_EXERCISE AIM_
Set down, unchanged, the line holding "A Wonderful Dark" and all lines that follow it to the end of the material, leaving pictures out.

_GIVEN DATA_
##########
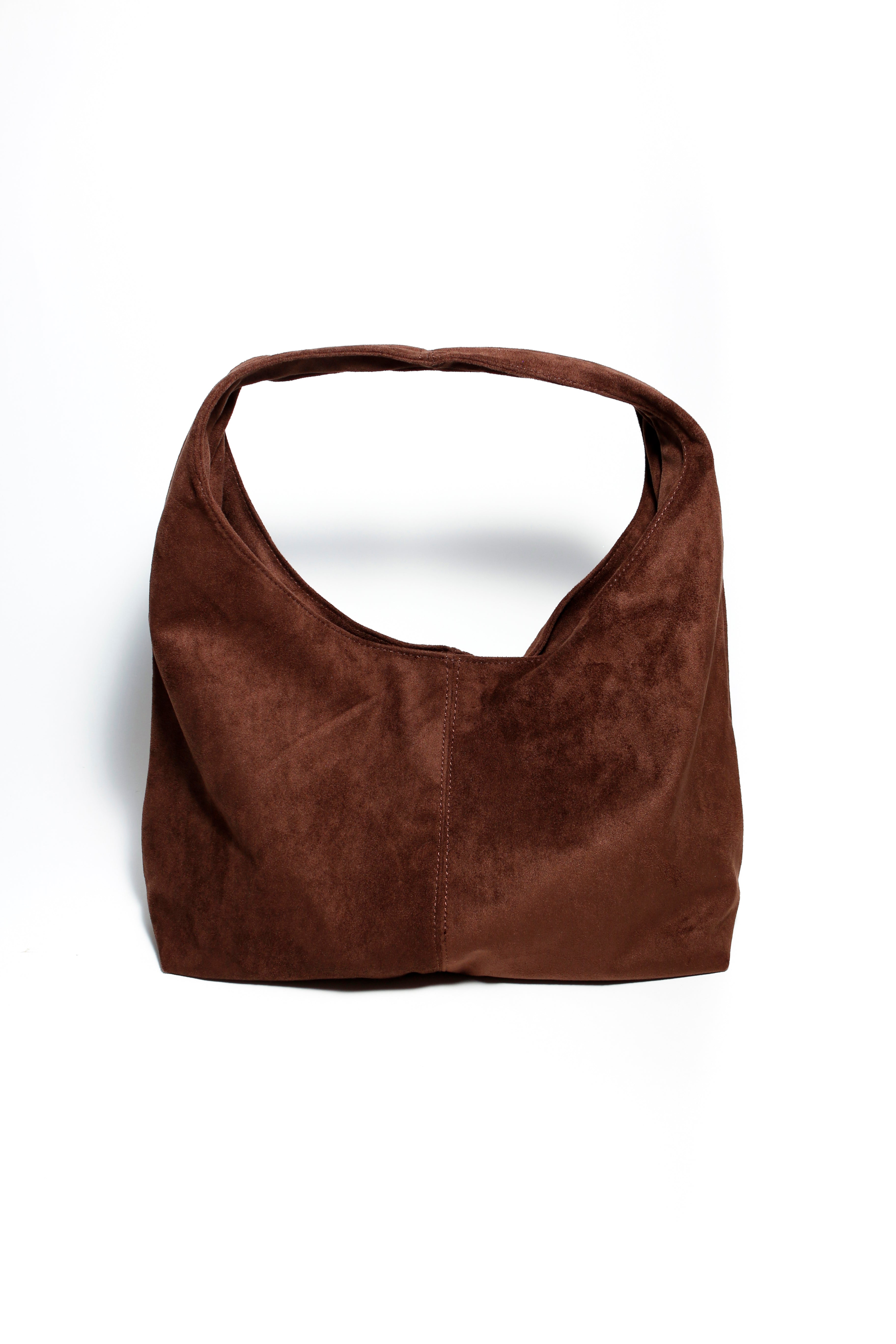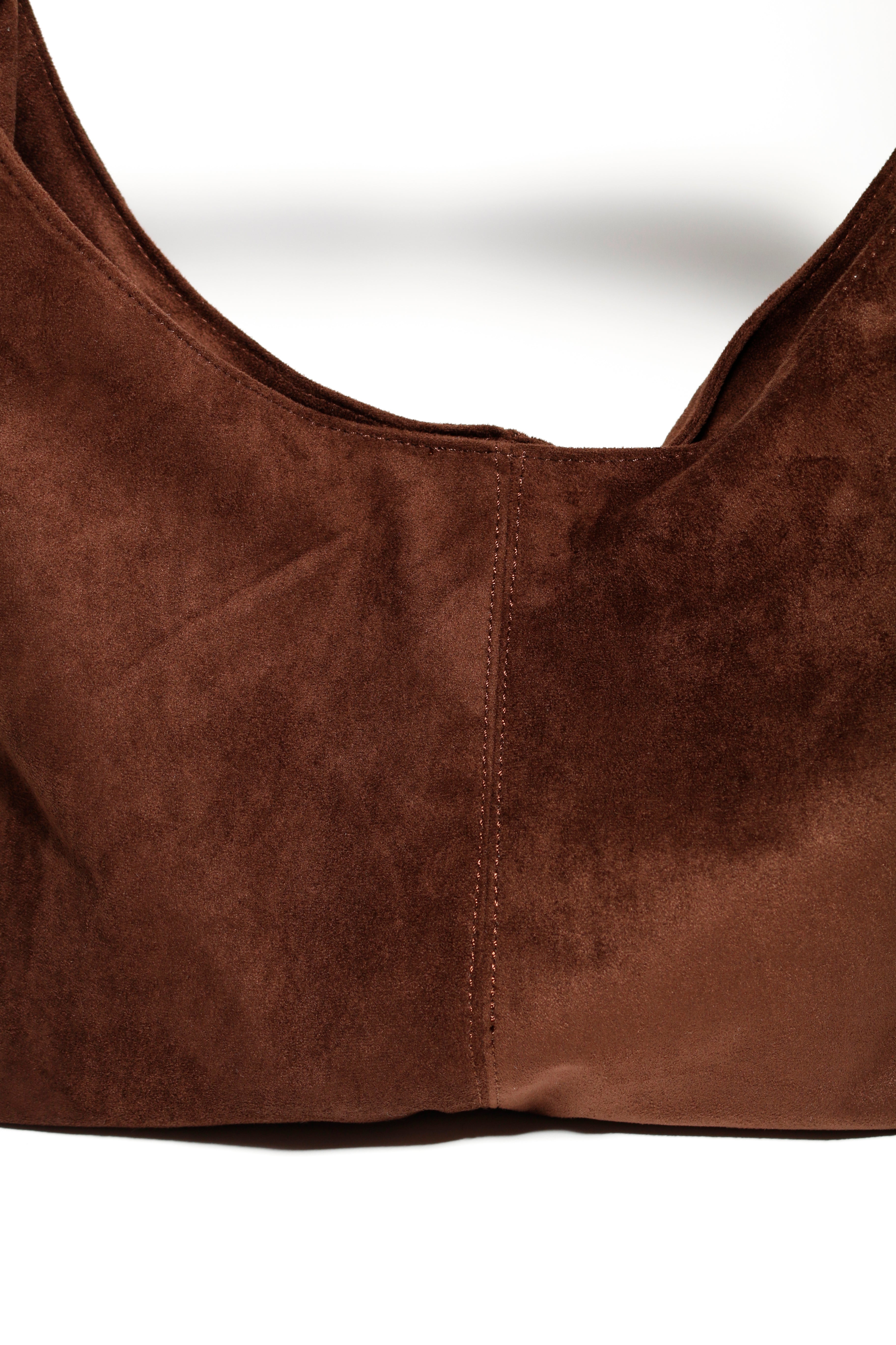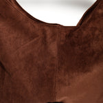 Deze stijlvolle shopper in een bruin suède look, heeft een nonchalant, ruim model dat moeiteloos met elke outfit matcht. De tas wordt geleverd met een handige binnenzak met rits en een stevige, harde bodem zodat al je essentials veilig én geordend blijven. Draag de tas casual over je schouder tijdens een drukke dag, of elegant onder je arm als clutch voor een avondje uit.
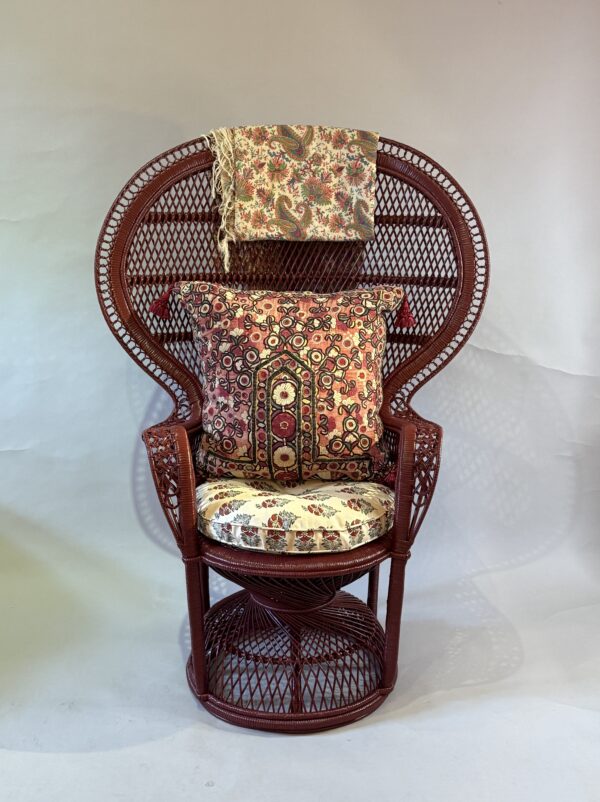 A Wonderful Dark Dark Red Gloss Painted Peacock Chair, Mid 20th Century
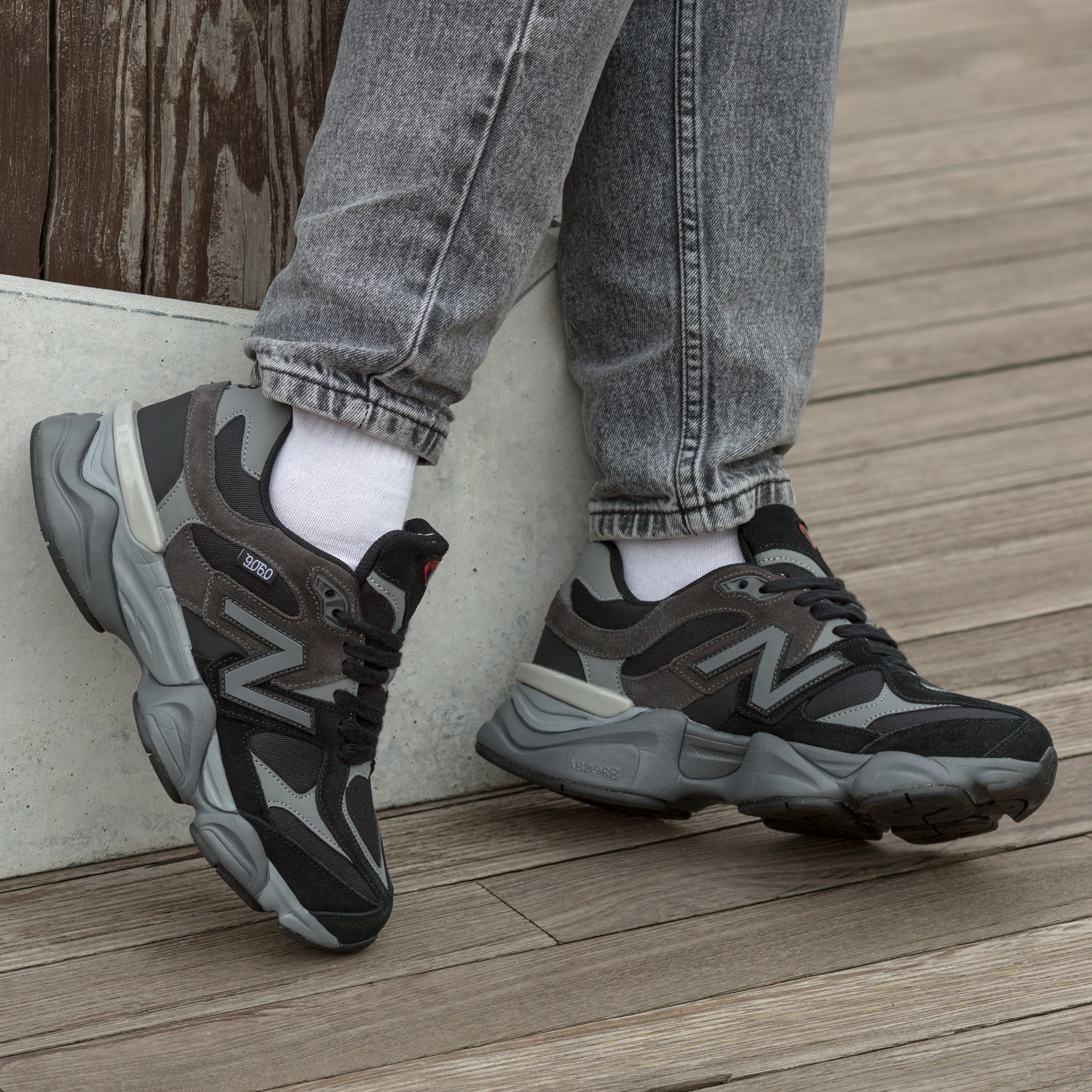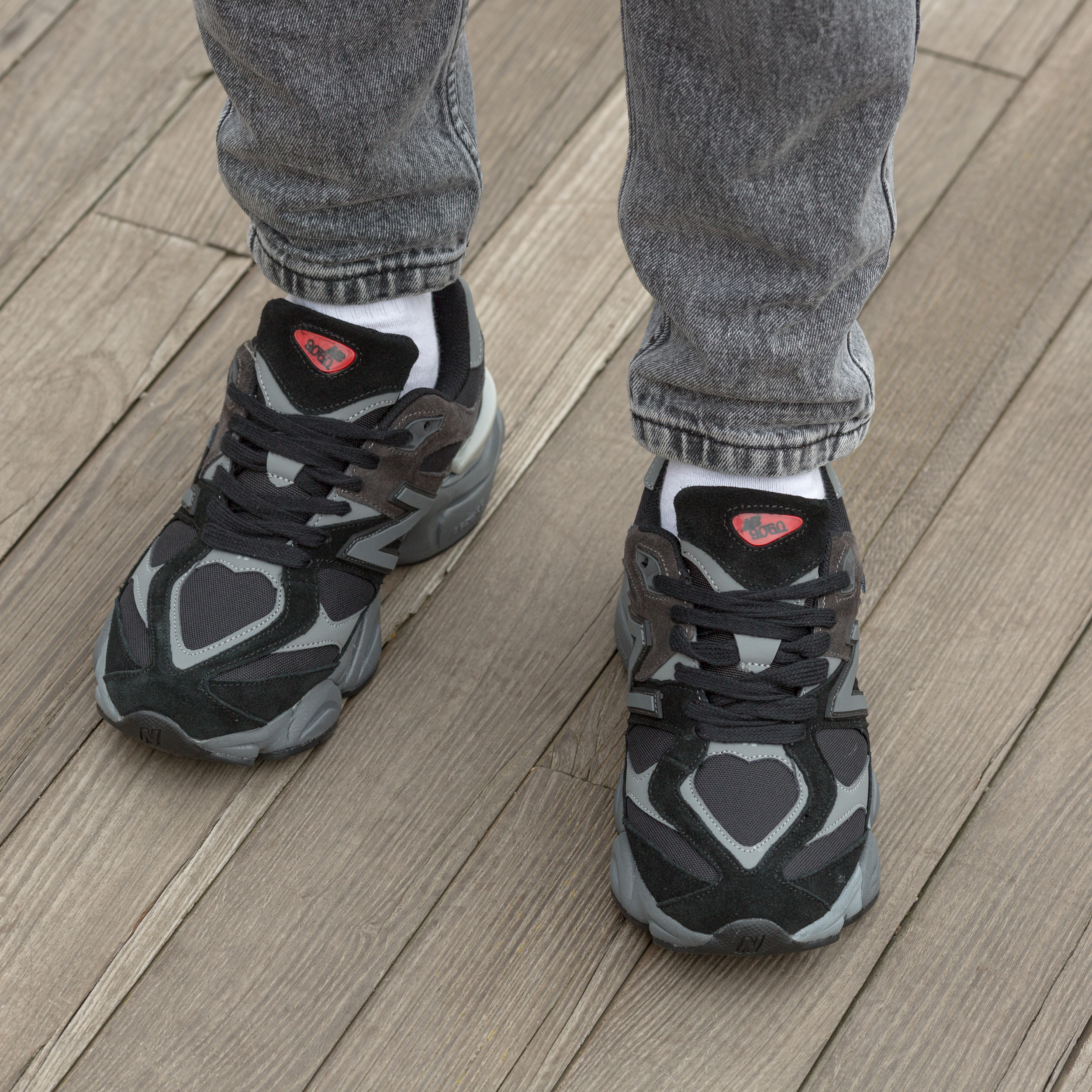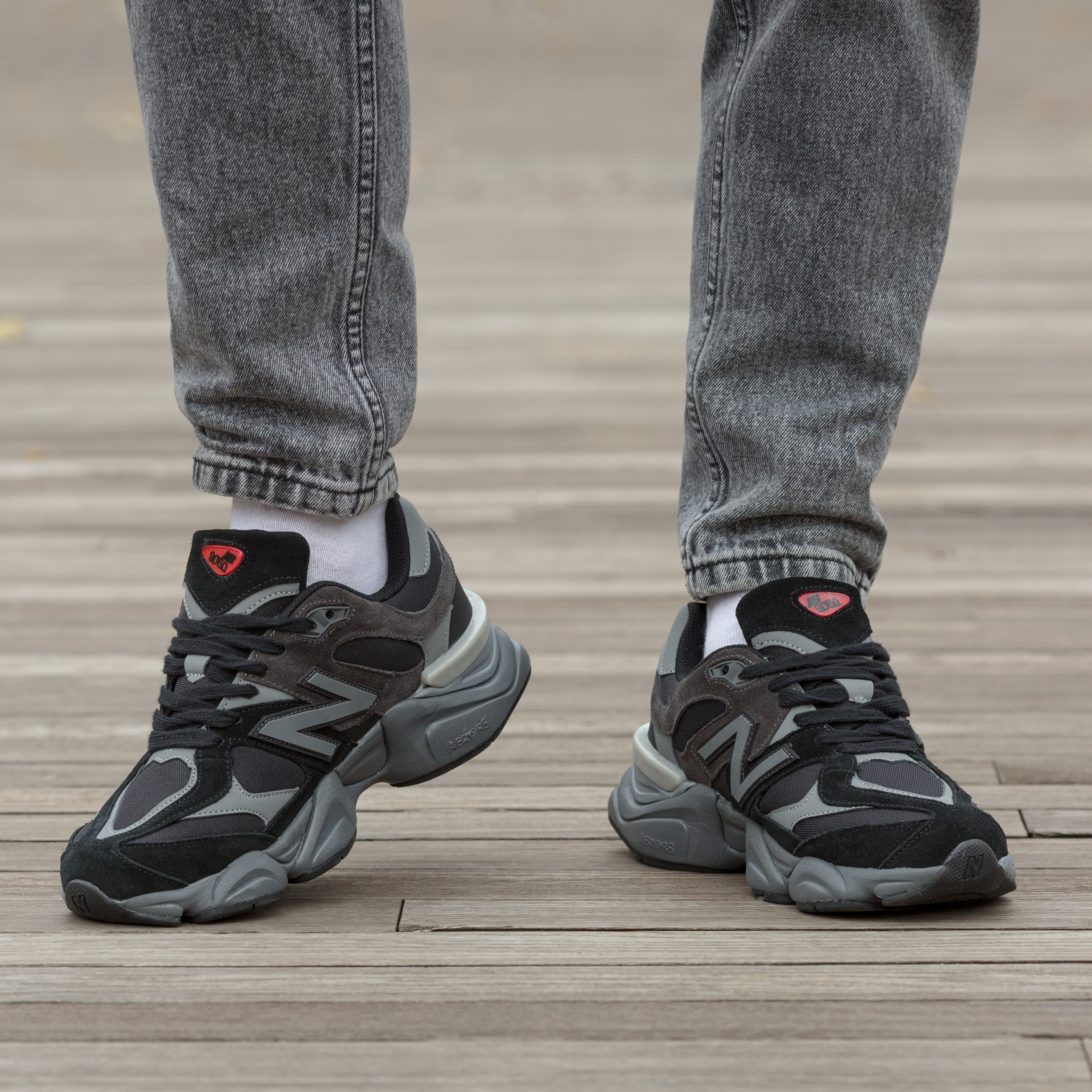 New Balance 9060 Black Grey Red — стильні, міські кросівки в темних тонах із виразними червоними деталями, що привертають увагу. Комфортні, з масивною амортизованою підошвою, ідеальні для щоденного носіння з характером.
##########
_COMPLETED TASK_
 A Wonderful Dark Dark Red Gloss Painted Peacock Chair, Mid 20th Century
 New Balance 9060 Black Grey Red — стильні, міські кросівки в темних тонах із виразними червоними деталями, що привертають увагу. Комфортні, з масивною амортизованою підошвою, ідеальні для щоденного носіння з характером.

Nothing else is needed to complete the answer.